MATERIAL PROVIDED:

BEGIN

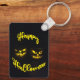Creepy yellow glow pumpkin face Happy Halloween Key Ring
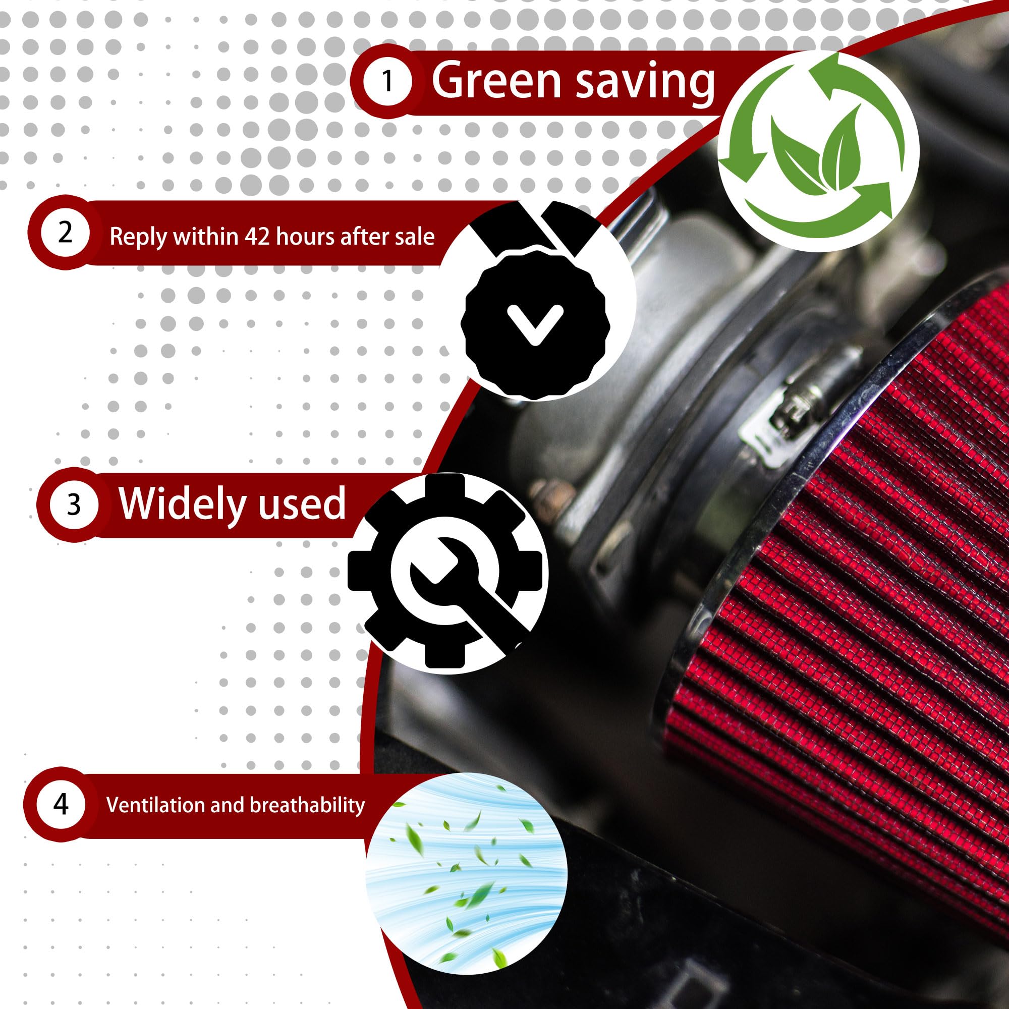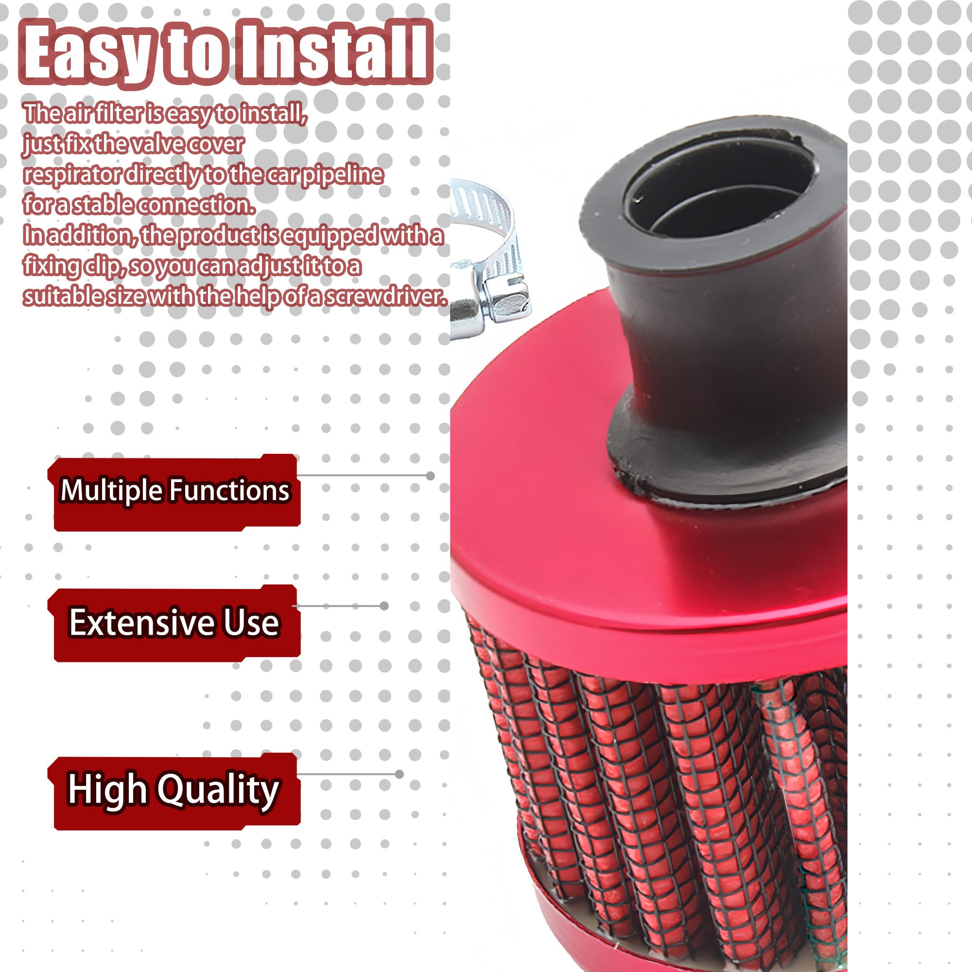 Easy to clean: It is washable and can extend the life of the engine, easy to install (directly bolted)
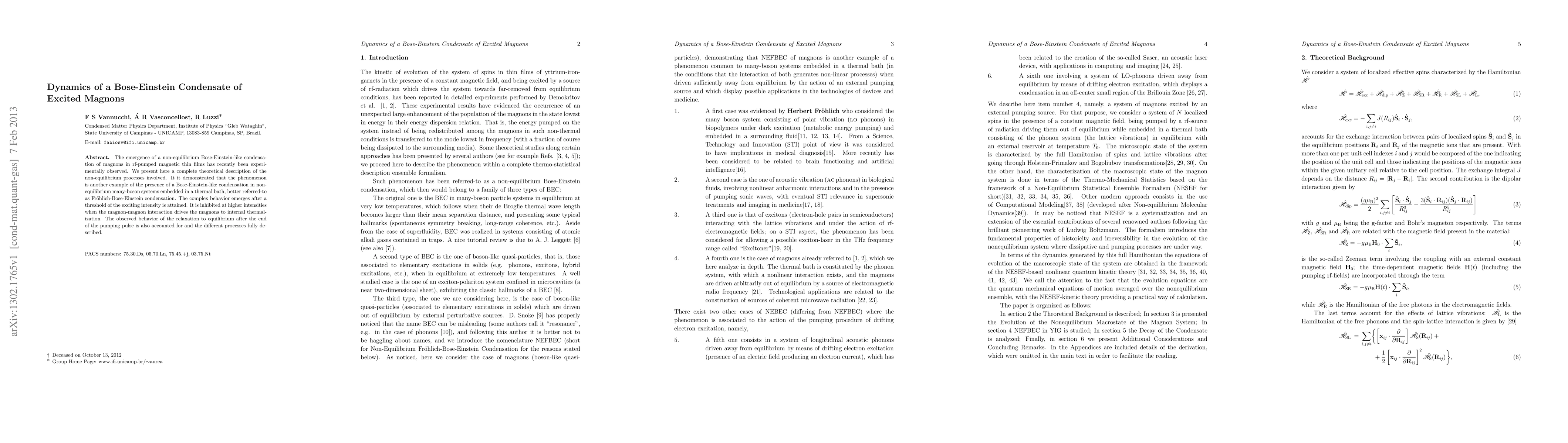 This paper provides a theoretical framework for the non-equilibrium Bose-Einstein-like condensation of excited magnons in rf-pumped magnetic thin films, describing the processes that lead to this phenomenon and the transition to thermalization as interaction intensity changes. It explains the relaxation dynamics after the pumping pulse ends.

END

TASK STATEMENT: Leaving out all pictures, repeat word for word the lines from the one containing "Easy to clean: It" through the final line of the material above.

ANSWER:
 Easy to clean: It is washable and can extend the life of the engine, easy to install (directly bolted)
 This paper provides a theoretical framework for the non-equilibrium Bose-Einstein-like condensation of excited magnons in rf-pumped magnetic thin films, describing the processes that lead to this phenomenon and the transition to thermalization as interaction intensity changes. It explains the relaxation dynamics after the pumping pulse ends.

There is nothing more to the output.